Polonya ve Çek Cumhuriyeti’nin başını çektiği bu grup ülkelere, ağırlıkla, Almanya ve Fransa, ucuz ve görece kalifiye emek fırsatını değerlendirmek üzere, bazı sanayi yatırımlarını kaydırdılar. Bu ülkelere, geleceğin Avrupa tasarımında da zengin Avrupalı kulübün arka bahçesi, çevre ülkeleri olma rolü  verilebilir.

Orta ve Doğu Avrupa’nın Avro dışı AB üyeleri, türdeş bir görünüm sergilerken AB üyesi olup da Avro alanının dışında kalan varlıklı bir grubu da İngiltere, Danimarka ve İsveç oluşturuyor. Bunlardan “Vikingler”, Danimarka ve İsveç, küresel krizle en başarılı biçimde baş etmiş ülkeler. AB dışında duran Norveç ve Avro alanının tuzu kuru üyelerinden Finlandiya’yı da dikkate alarak İskandinav ülkelerinin, Avrupa’nın derdi en az ülkeleri olduğunu söylemek yanlış olmaz.

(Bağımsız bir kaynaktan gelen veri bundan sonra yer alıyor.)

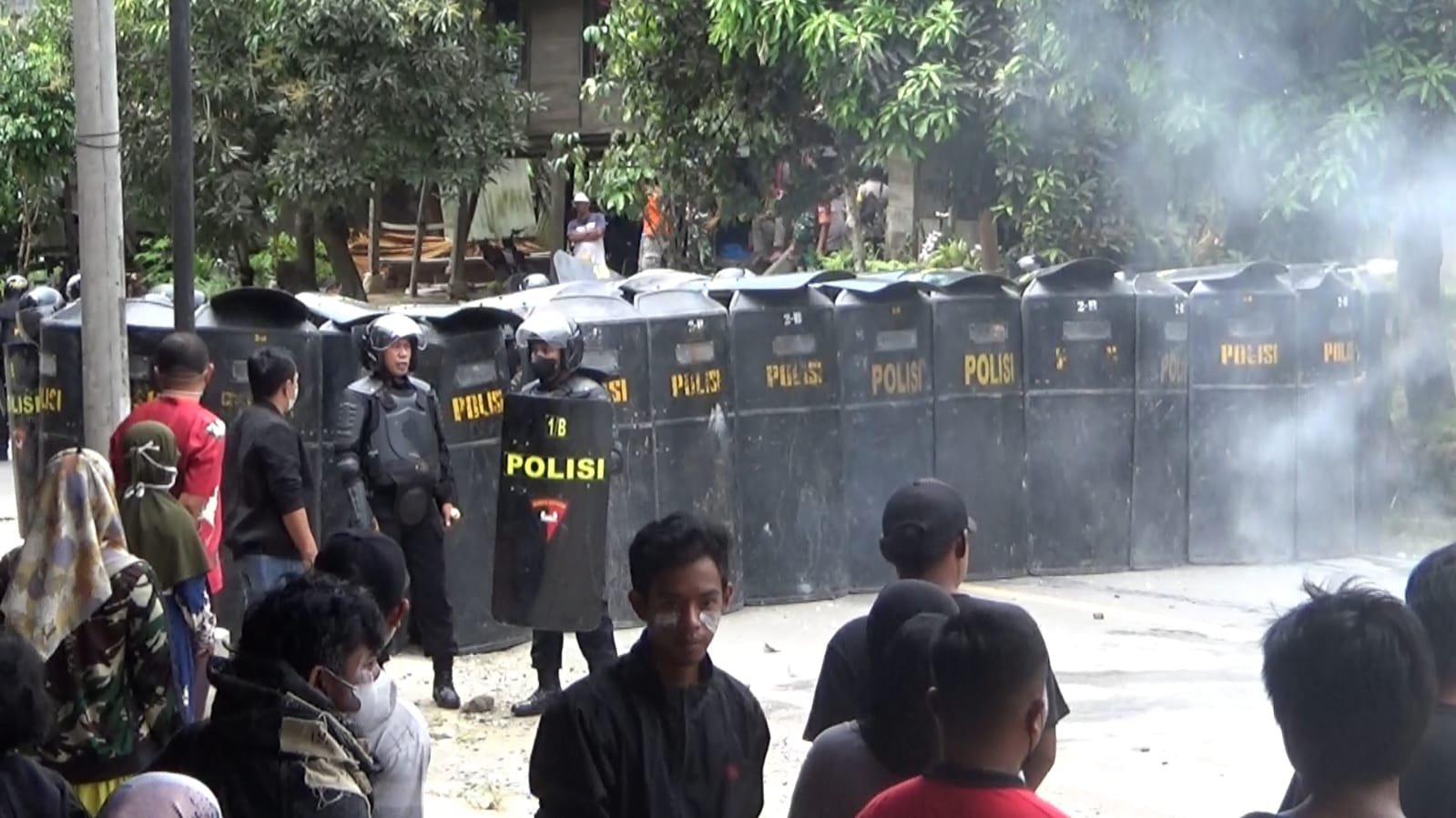 Petugas berusaha membubarkan aksi blokade jalan, namun dibalas lemparan batu. Petugaspun membalas dengan tembakan gas air mata. Bentrokan warga dengan Brimob akhirnya tak terhindarkan.

Bunun hikmeti, tabi ki ayrı bir analiz konusu.

Kaynak:Eurostat  ,AMB ve IMF veri tabanları

 2007-2008’de ABD ile birlikte, finans krizini en derinden yaşayan İngiltere, Avro krizinin dışında olmaktan memnun. Bununla beraber, aynı İngiltere, küresel kriz enkazını onarmaya çalışırken yol açtığı  bütçe açıklarını ve kamu borç yükünü düşürme sorununu aşmış değil. Bunu yapmaya çalışırken sokak ile başı dertte ve yeni bir büyüme ivmesi de henüz yakalayamadı. İngiltere’nin, Avro alanının yeniden yapılanması sürecinde, tercihini ve duruşunu değiştireceğini beklememek gerekir. Özetle, bu 3 ülke, yeni dönemde de mevcut tercihlerini koruyacak gibi görünüyorlar.

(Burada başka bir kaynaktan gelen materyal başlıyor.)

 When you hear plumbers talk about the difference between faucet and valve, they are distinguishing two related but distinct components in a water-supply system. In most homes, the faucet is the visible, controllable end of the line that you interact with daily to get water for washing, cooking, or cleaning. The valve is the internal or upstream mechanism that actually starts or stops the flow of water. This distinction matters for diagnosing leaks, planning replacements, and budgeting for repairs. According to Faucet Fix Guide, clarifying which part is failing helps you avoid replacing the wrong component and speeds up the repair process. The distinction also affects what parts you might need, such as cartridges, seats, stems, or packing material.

Bu parçalanmışlık karşısında Almanya, kendi patronajında yeni bir Avrupa tasarlarken Türkiye için nasıl bir rol  düşünür? Bütçe ve kamu borç yükü göstergeleri açısından Avrupalıları kıskandıracak durumdaki Türkiye’nin, milli gelirinin yüzde 10’unu bulan ürpertici cari açık kamburu, onu hemen gözden düşürüyor. Sıcak para giriş-çıkışıyla büyüyüp küçülen Türkiye ekonomisi, Avrupa’daki altüst oluştan, ihraç pazarı kaybı ve sermaye geri çekilişi yoluyla zarar görüyor. Bu, ekonomik küçülme, artan işsizlik ve diğer göstergelerin bozulması demek. Geleceğin Türkiye’si, lider Almanya için nimetleri kadar, külfetleri de büyük bir ülke. Sosyal, siyasal, kültürel yapısı hala sorunlu, uyumdan uzak.

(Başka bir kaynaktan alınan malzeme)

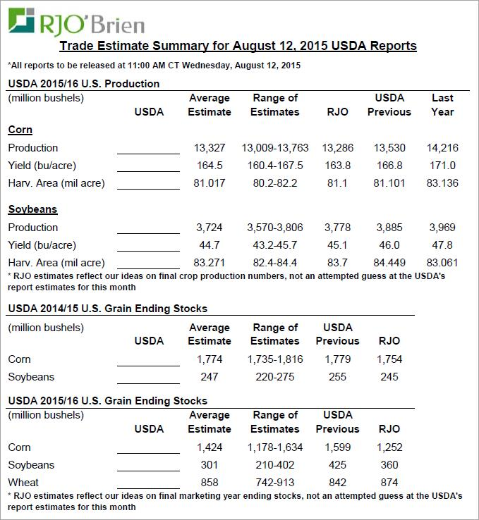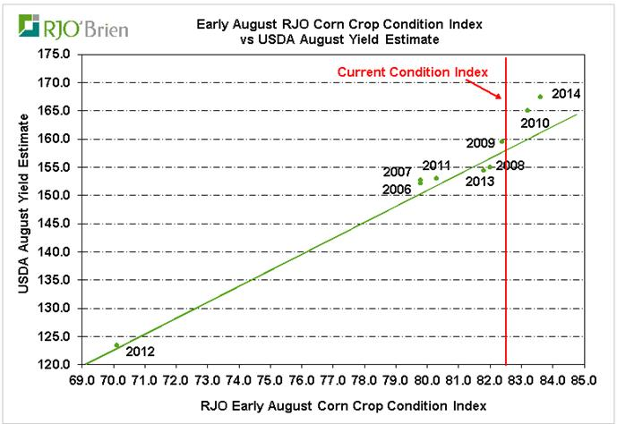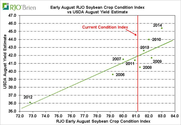 La semaine dernière, le département de recherche de R.J. O’Brien à Chicago a publié une étude sur la relation entre le rendement et la condition des cultures. Depuis 2006, la relation est assez forte ce qui nous permet d’estimer le rendement du maïs et du soya selon le résultat des dernières années. En créant un indice basé sur la condition des cultures en août, on note une relation linéaire avec le rendement publié dans le rapport de l’USDA en août (et non le rendement final). Selon les conditions actuelles et la relation empirique, on pourrait s’attendre à un rendement de 158 boisseaux/acre pour le maïs (graphique 3) et 42 boisseaux/acre pour le soya (graphique 4). Actuellement, les prévisions pour le rendement de mercredi (tableau 5) sont bien plus élevés ce qui plausible, mais il y aurait plus de « chance » de voir une donnée inférieure aux attentes que de les surpasser.

 Almanya için Türkiye’nin daha uzun süre aday ülke statüsünde tutularak etinden, sütünden faydalanılması ana hedeftir. Sızlanmalar olursa da, “özel statü” vererek  ama asla tam üye ilişkisine girmeden el altında tutmak ana yaklaşım olacaktır. Bundan daha fazlasını ummak, AKP’li hayalperestlerin düştükleri hatayı paylaşıp, kendini dev aynasında görmek olur.